The rental proceeds is less than the value if you use it yourself. This is because of the Maintenance Fees and because it has to be a good deal for the renter as well, so you are "giving" the renter some of your value. So, while it may be appealing to buy and rent out for a while, you are really just borrowing money to subsidize someone else's vacations.
If DVC makes sense for you, save the money and pay cash. Then use it yourself.
 
Doing some basic arithmetic (not factoring Time Value of Money), it seems like it would take quite a while to break even doing that.

Example) Saratoga = $110 per point, Maintenance Fee = 6.40 Per Point. Lets assume you buy 100 points and rent out at $15 per point.

15 - 6.40 = 8.60
8.60 x 100 = 860
110 x 100 = 11,000

11,000 / 860 = 12.8 before you can even utilize your purchase.
 


Doing some basic arithmetic (not factoring Time Value of Money), it seems like it would take quite a while to break even doing that.

Example) Saratoga = $110 per point, Maintenance Fee = 6.40 Per Point. Lets assume you buy 100 points and rent out at $15 per point.

15 - 6.40 = 8.60
8.60 x 100 = 860
110 x 100 = 11,000

11,000 / 860 = 12.8 before you can even utilize your purchase.
You also pay tax on the rental income. The buy-in cost is not deductible.
 
Doing some basic arithmetic (not factoring Time Value of Money), it seems like it would take quite a while to break even doing that.

Example) Saratoga = $110 per point, Maintenance Fee = 6.40 Per Point. Lets assume you buy 100 points and rent out at $15 per point.

15 - 6.40 = 8.60
8.60 x 100 = 860
110 x 100 = 11,000

11,000 / 860 = 12.8 before you can even utilize your purchase.
You also pay tax on the rental income. The buy-in cost is not deductible.
Plus he is financing, so would take even longer.
 
Doing some basic arithmetic (not factoring Time Value of Money), it seems like it would take quite a while to break even doing that.
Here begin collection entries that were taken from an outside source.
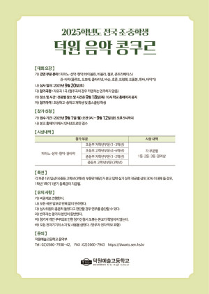 2025학년도 전국 초․중학생 덕원 음악 콩쿠르1.대회 요강가)경연 부문 분야:피아노・성악・현악(바이올린,비올라,첼로,콘트라베이스)관・타악(플루트,오보에,클라리넷,바순,호른,트럼펫,트롬본,튜바,타악기)나)심사일자:2025년9월20일(토)다)참가곡명:자유곡1곡(협주곡의 경우 카덴차는 연주하지 않음)라)장소 및 시간:전공별 장소 및 시간은9월18일(목) 10시 학교 홈페이지 공지마)참가자격:초등학교․중학교 재학생 및 홈스쿨링 학생2.참가 신청가)접수기간:2025년9월1일(월)오전9시~ 9월12일(금)오후5시까지나)접수방법:인터넷 접수만…
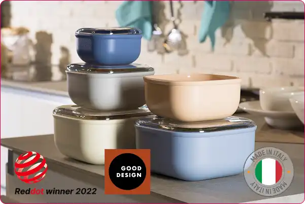 Toàn bộ sản phẩm OMADA® được 100% sản xuất tại Ý và nhập khẩu chính hãng nguyên chiếc về Việt Nam, đảm bảo giữ trọn vẹn tinh hoa thiết kế Ý cùng những tiêu chuẩn khắt khe về chất lượng và độ an toàn. Từ tính năng bền vững, có thể tái chế, đến tính thẩm mỹ vượt thời gian, OMADA® mang đến giải pháp tối ưu để bảo quản tốt hơn, nấu nướng dễ dàng hơn và tận hưởng cuộc sống trọn vẹn hơn
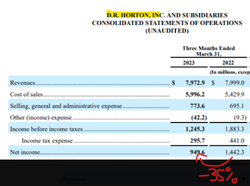 미국 최대 건설사인 DR Horton은 수익이 35% 감소했습니다.
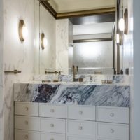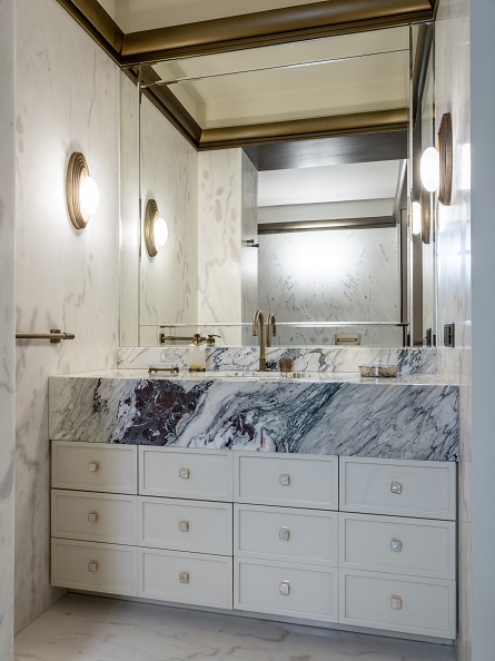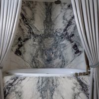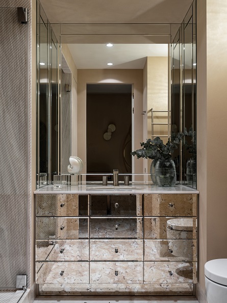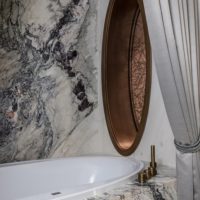 As the customer rarely cooks at home, the team decided to expand the space and make it lighter by combining the kitchen with the living room. The project is also saturated with various textures and materials, combined within the framework of one colour scheme. This design works well thanks to the enfilade-type layout, that was designed specifically to increase the visual space, due to the smooth flow of one room into another. The key aspect of this interior is the window in the master bathroom. The bathroom block adjoins the balcony and it seemed that it would be interesting to add air and volume to the room, and this is how an oval window appeared. The unusual texture and colour of glass from Bernard Pictet brought harmony and individuality to the interior.
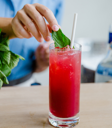 Mix jam, citrus and spirit together in a shaker. Shake, then pour over ice in a glass and top with soda. Garnish with herb.
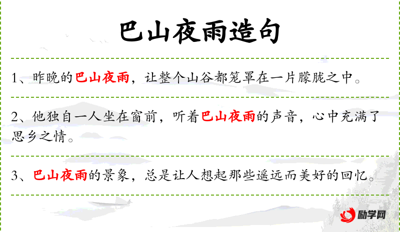 - 文化背景:“巴山夜雨”可能与**文化中的某些诗意或情感有关,如李商隐的诗句“巴山夜雨涨秋池”。
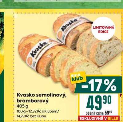 Aktuální slevu na Kvasko semolinový, bramborový 405 g zjistíte jednoduše nastavením Strážce slev .

Example) Saratoga = $110 per point, Maintenance Fee = 6.40 Per Point. Lets assume you buy 100 points and rent out at $15 per point.

15 - 6.40 = 8.60
8.60 x 100 = 860
110 x 100 = 11,000

11,000 / 860 = 12.8 before you can even utilize your purchase.
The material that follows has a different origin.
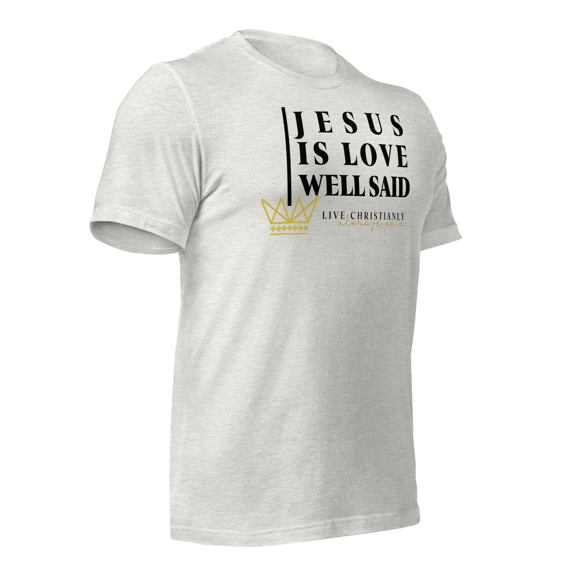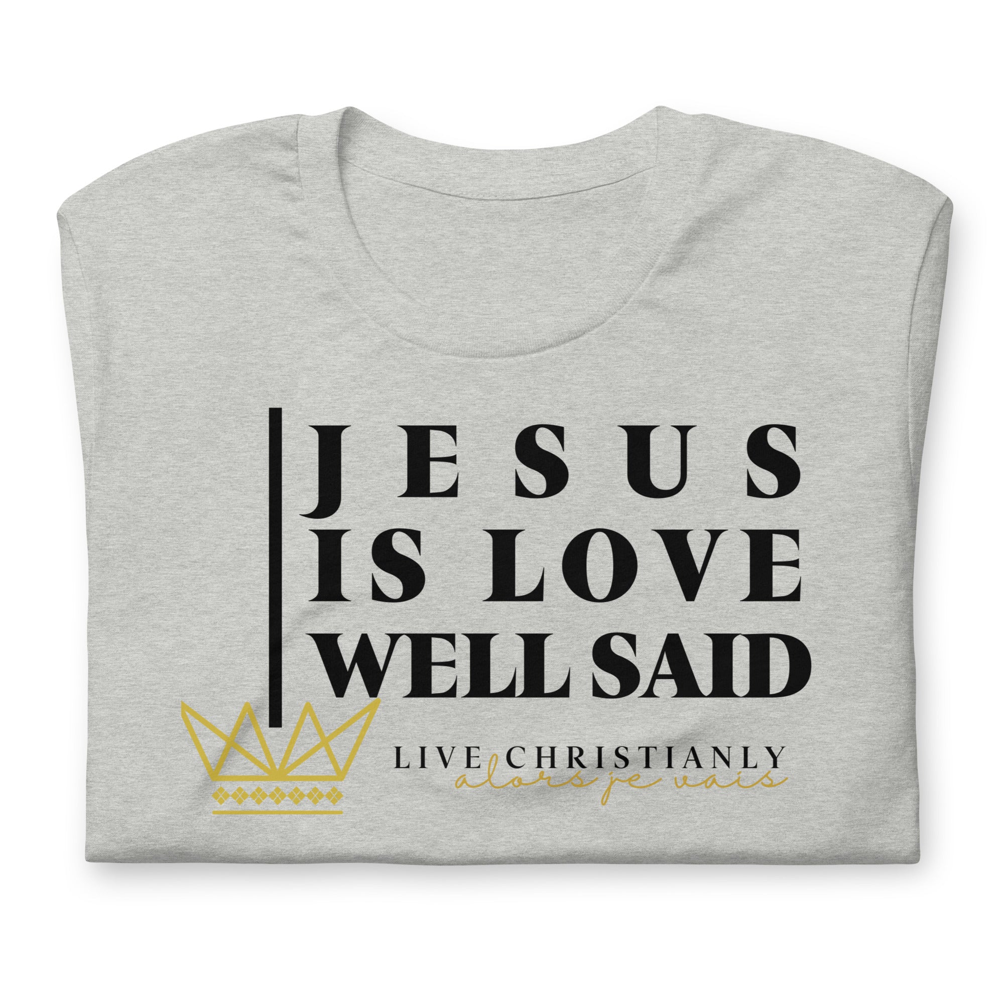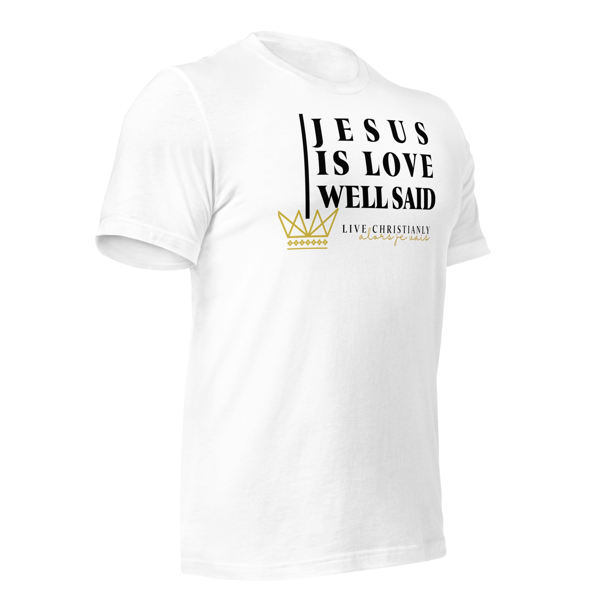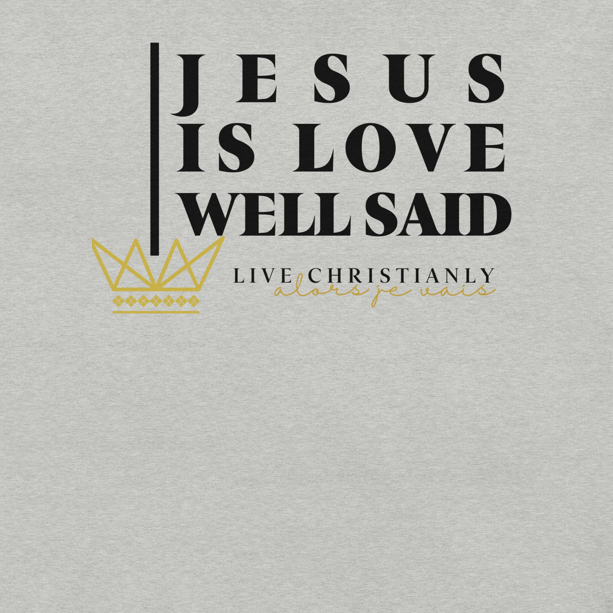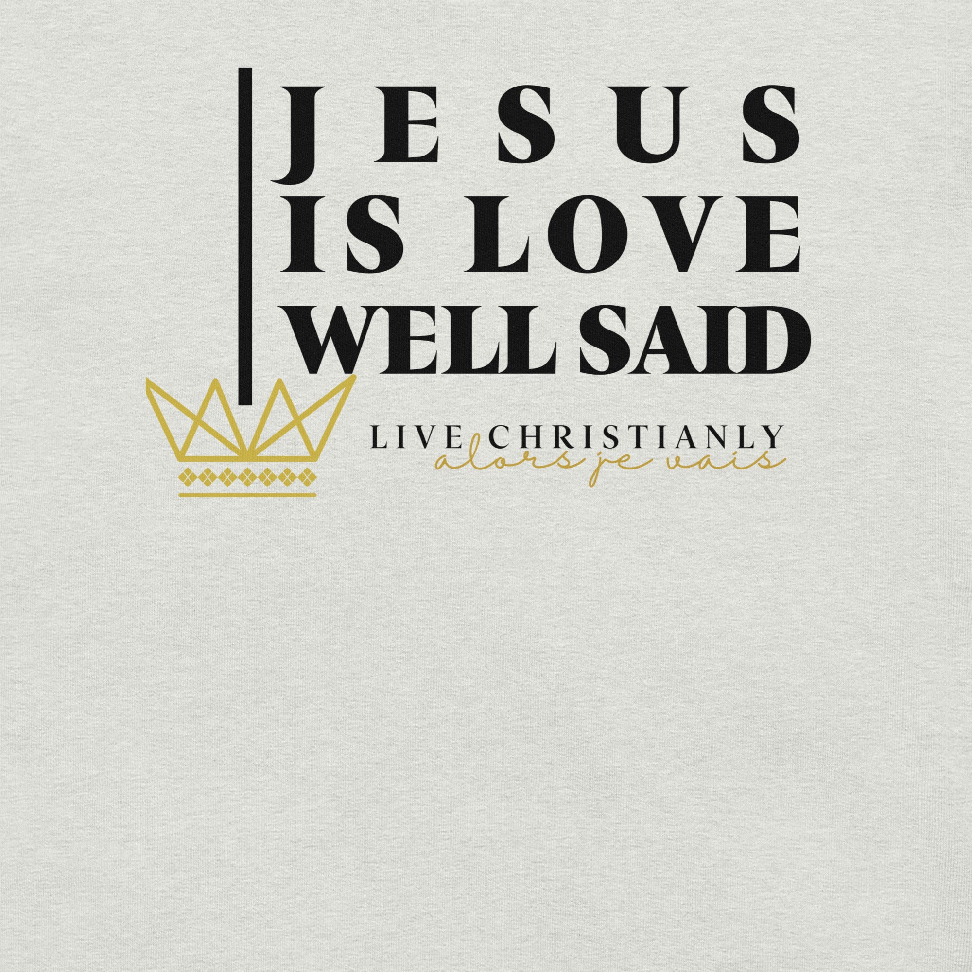 Crafted with the finest materials, this sophisticated tee is a perfect fusion of style and comfort. Elevate your wardrobe and make a statement with this exclusive piece that showcases your undying devotion to love and faith in Christ alone.

Not only that, by the time you break even, some of the DVC Home Resort contracts won't have many RTU years left for you to actually enjoy. That's the flaw of thinking of trying to re-coup your initial purchase price.

Great3
 


You also pay tax on the rental income. The buy-in cost is not deductible.
I'm not an expert on US tax law, but I'd presume this would be considered a rental property which means you can deduct depreciation. Between interesr, depreciation, and maintenance fees, i dont think there'd be significant taxes
 
I'm not an expert on US tax law, but I'd presume this would be considered a rental property which means you can deduct depreciation. Between interesr, depreciation, and maintenance fees, i dont think there'd be significant taxes
Here is a good thread on this topic or income tax on timeshares. I do believe you can deduct the interest and maintenance fees however I'm not sure about depreciating the asset.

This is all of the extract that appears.